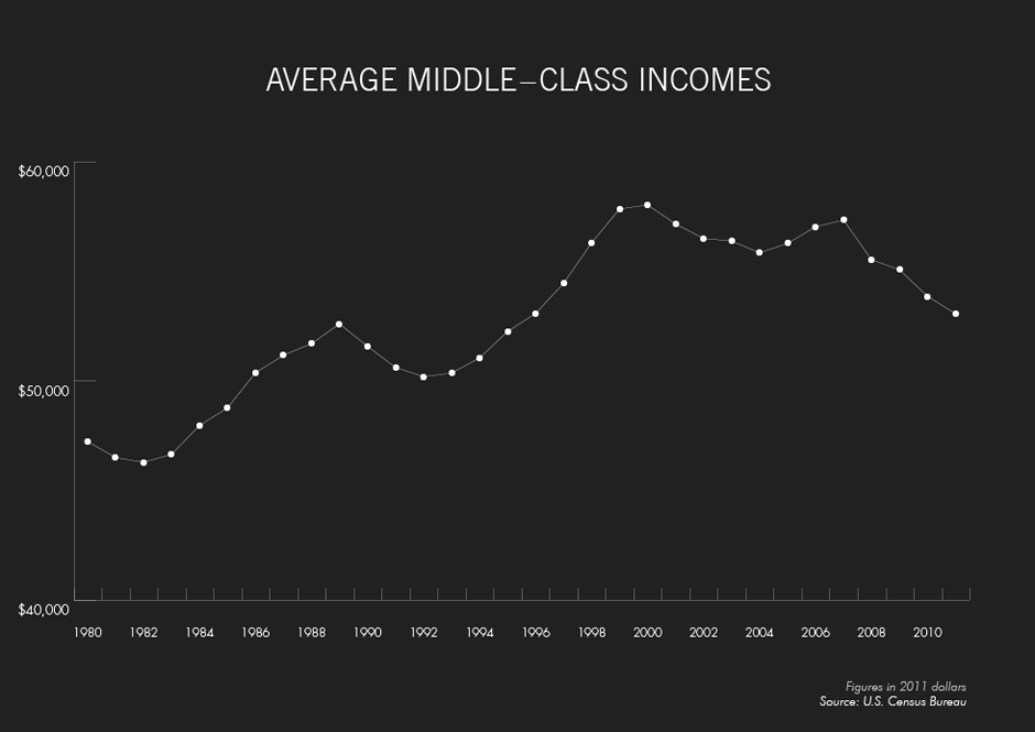 Middle class incomes have shrunk 8.5 percent since 2000, after enjoying mostly steady growth during the previous decade. In 2011, the average income for the middle 60 percent of households stood at $53,042, down from $58,009 at the start of the millennium.
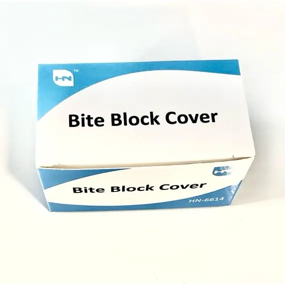 Bite block cover designed for dental clinics to cover bite blocks during imaging or dental procedures. Helps maintain hygiene and reduce cross-contamination. Made from safe medical-grade material and easy to use
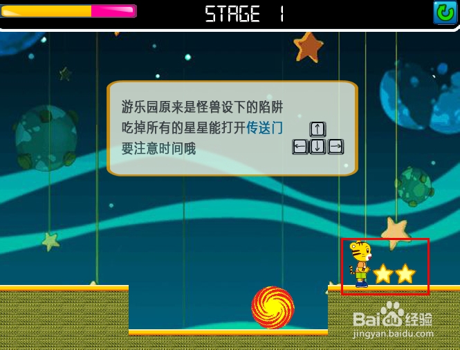 2、进入游戏挑战界面,左上角的黄色能量条是时间条,玩家必须在规定的时间内完成收集所有的星星,然后打开传送门,即可过关。
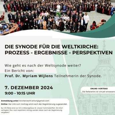 Am 7.12.2024 fand im Rahmen unseres "Aufbaukurses Theologie" und in Kooperation mit der Universität Erfurt ein online-Bericht von Frau Prof. Dr. Myriam Wijlens statt.
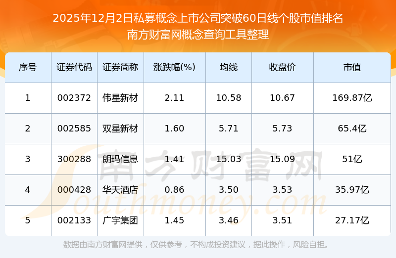 根据南方财富网概念查询工具数据统计,截止2025年12月2日收盘,私募概念上市公司共有5只个股收盘价向上突破了60日线。其中市值较大的个股有伟星新材、双星新材、朗玛信息等,市值分别为169.87亿、65.4亿、51亿。
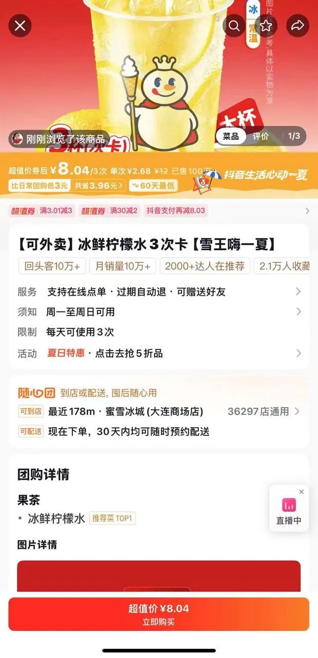 在抖音直播间蹲守几天后我发现,茶饮次卡主要包括两种:
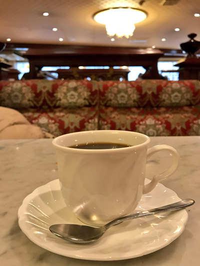 入ってみるとそのフロアの広さに一瞬圧倒されてしまい、お店の人の誘導に従おうと思いましたがにこやかに「お好きなお席へどうぞ」と言われ、さらに戸惑いました。なんせ、一人で座る前提ではあまりなく、広々とした4人用の席がひたすら配置されています。ならば選ぶ基準として、煙草の影響が今少なさそうな場所をと考え、さらにお店を見渡せる方に着席しました。窓際は一段高くなっていることも判りましたし、シャンデリアの豪華さにも昭和の良き日を思い出させます。
=====
# [Your goal]
With the images left out, output all the entries above exactly.

# [Reply]
 Middle class incomes have shrunk 8.5 percent since 2000, after enjoying mostly steady growth during the previous decade. In 2011, the average income for the middle 60 percent of households stood at $53,042, down from $58,009 at the start of the millennium.
 Bite block cover designed for dental clinics to cover bite blocks during imaging or dental procedures. Helps maintain hygiene and reduce cross-contamination. Made from safe medical-grade material and easy to use
 2、进入游戏挑战界面,左上角的黄色能量条是时间条,玩家必须在规定的时间内完成收集所有的星星,然后打开传送门,即可过关。
 Am 7.12.2024 fand im Rahmen unseres "Aufbaukurses Theologie" und in Kooperation mit der Universität Erfurt ein online-Bericht von Frau Prof. Dr. Myriam Wijlens statt.
 根据南方财富网概念查询工具数据统计,截止2025年12月2日收盘,私募概念上市公司共有5只个股收盘价向上突破了60日线。其中市值较大的个股有伟星新材、双星新材、朗玛信息等,市值分别为169.87亿、65.4亿、51亿。
 在抖音直播间蹲守几天后我发现,茶饮次卡主要包括两种:
 入ってみるとそのフロアの広さに一瞬圧倒されてしまい、お店の人の誘導に従おうと思いましたがにこやかに「お好きなお席へどうぞ」と言われ、さらに戸惑いました。なんせ、一人で座る前提ではあまりなく、広々とした4人用の席がひたすら配置されています。ならば選ぶ基準として、煙草の影響が今少なさそうな場所をと考え、さらにお店を見渡せる方に着席しました。窓際は一段高くなっていることも判りましたし、シャンデリアの豪華さにも昭和の良き日を思い出させます。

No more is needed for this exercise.